Johnson & Johnson has received its third approval for a non-small cell lung cancer (NSCLC) indication this year, with the FDA approving it for second-line treatment of locally advanced or metastatic NSCLC with epidermal growth factor receptor (EGFR) exon 19 deletions or L858R substitution mutations. Rybrevant is specifically authorized for patients with disease progression during or after treatment with EGFR tyrosine kinase inhibitors. This approval is supported by results from the Phase III MARIPOSA-2 trial, which showed that Rybrevant treatment reduced the risk of disease progression or death by 52% compared to chemotherapy alone. Patients receiving the combination regimen had a median progression-free survival of 6.3 months, compared to 4.2 months for those receiving chemotherapy alone. The overall response rate for Rybrevant in combination with chemotherapy was 53%, compared to 29% for chemotherapy alone.
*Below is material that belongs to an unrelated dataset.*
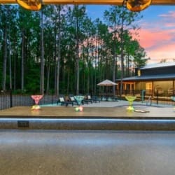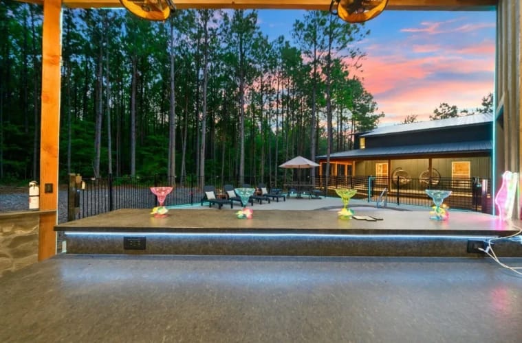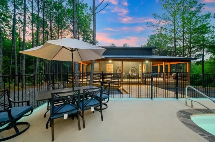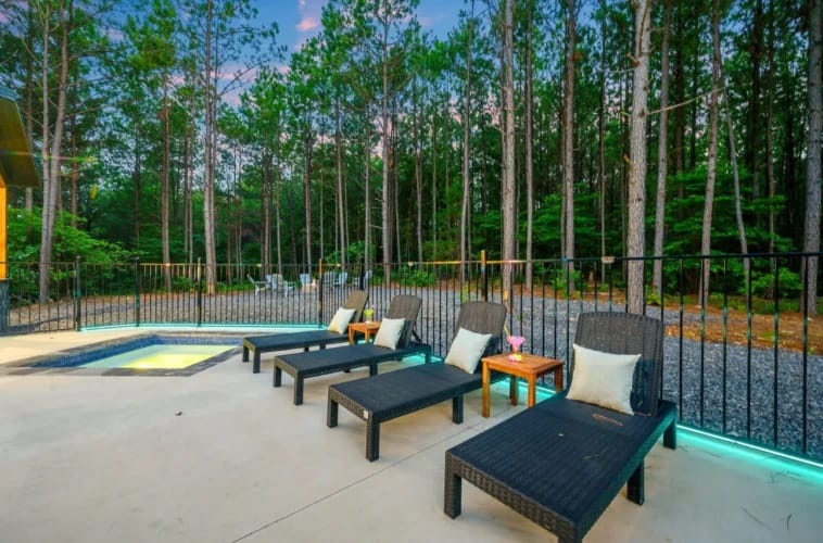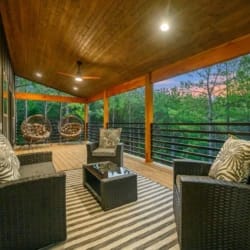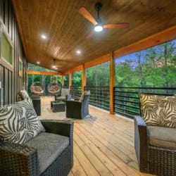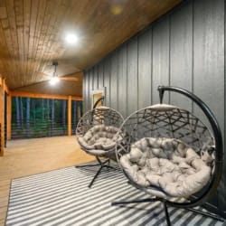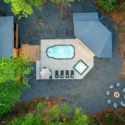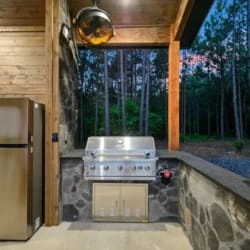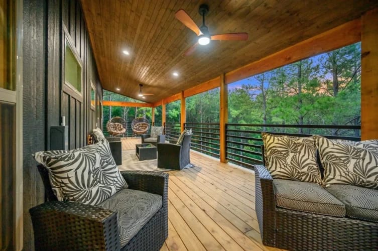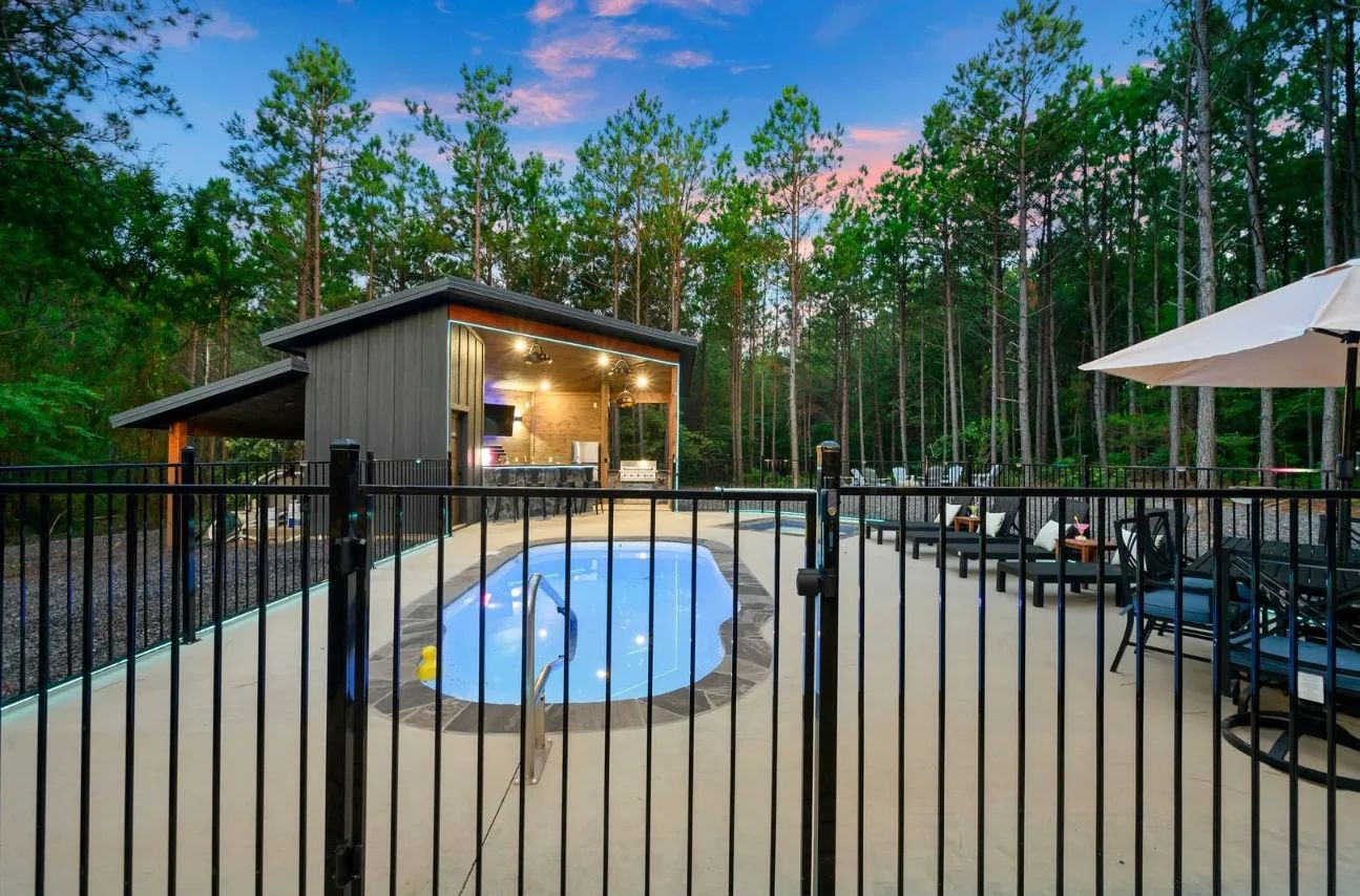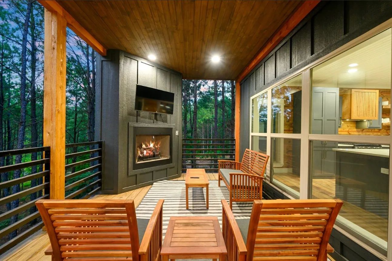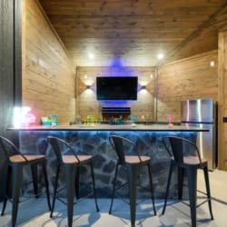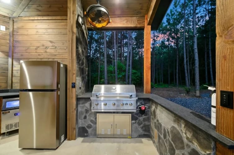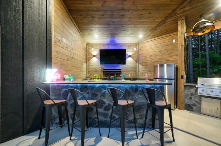 Step outside at Bearfoot and Bougie, and the real magic begins. The covered patio invites you to relax by the gas fireplace while watching TV or enjoying a meal at the outdoor dining table. The fenced-in pool and hot tub offer a perfect way to cool off during warm afternoons or soak under the stars at night. The outdoor kitchen is fully loaded with a gas grill, a full-size fridge, bar seating, and another large TV—ideal for game days or summer cookouts. The front porch has even more seating and space to enjoy the fresh air and peaceful surroundings.

In August, Rybrevant was approved in combination with lazertinib for locally advanced or metastatic NSCLC with EGFR exon 19 deletions or L858R substitutions. Prior to that, Rybrevant in combination with chemotherapy was approved in March for first-line treatment of locally advanced or metastatic NSCLC with EGFR exon 20 insertion mutations.

Company: AstraZeneca

Drug: Fasenra

Indication: Eosinophilic granulomatosis with polyangiitis (EGPA)

The FDA has approved Fasenra for the treatment of eosinophilic granulomatosis with polyangiitis (EGPA), a rare immune-mediated disease that can lead to multi-organ failure and significant morbidity and mortality if not treated. The approval follows data from the Phase III, placebo-controlled, randomized trial, which showed that treatment with Fasenra significantly increased the proportion of patients who achieved remission of their disease compared to placebo. Fasenra is a monoclonal antibody that targets IL-5 to reduce eosinophil levels in the blood. The drug is already approved for patients with severe eosinophilic asthma, eosinophilic granulomatosis, and polyangiitis.

Company: PTC Therapeutics

Drug: Upstaza

Indication: A genetically defined form of amyotrophic lateral sclerosis (ALS)

PTC Therapeutics' Upstaza has been approved by the FDA for the treatment of a genetically defined form of amyotrophic lateral sclerosis (ALS) caused by a mutation in the SOD1 gene. Upstaza is a gene therapy designed to provide a working copy of the SOD1 gene to slow disease progression. The approval is based on a Phase II clinical trial demonstrating that Upstaza was able to reduce the levels of the toxic SOD1 protein in patients' blood and cerebrospinal fluid, leading to a significant improvement in survival and functional measures. Upstaza is the first gene therapy approved for ALS.

Company: Biogen and Eisai

Drug: Leqembi

Indication: Alzheimer's disease

Biogen and Eisai's Leqembi has gained FDA approval for treating patients with early Alzheimer’s disease based on positive results from the Phase III CLARITY AD trial. Leqembi is a monoclonal antibody designed to target amyloid-beta plaques in the brain. The trial showed a statistically significant slowing of cognitive decline in patients receiving the drug compared to placebo. The approval is a notable milestone in the treatment landscape of Alzheimer’s disease, which has faced numerous setbacks over the years. Biogen is launching Leqembi under the FDA's accelerated approval pathway, which allows for marketing based on early clinical trial evidence while requiring further studies to confirm clinical benefit. Leqembi's safety profile includes risks of infusion-related reactions and amyloid-related imaging abnormalities, which require close monitoring of patients.

Company: Amgen

Drug: A new formulation of Amgen's Repatha

Indication: Cardiovascular disease

Amgen has secured FDA approval for a new formulation of Repatha, the cholesterol-lowering injection, which now allows for self-administration every two weeks or once a month. The approval was based on results from a Phase III trial showing that the new formulation was effective at reducing low-density lipoprotein cholesterol levels in patients with high cardiovascular risk. Repatha is already approved as an adjunct to diet and exercise for reducing LDL cholesterol in adults with heterozygous familial hypercholesterolemia and in patients with atherosclerotic cardiovascular disease.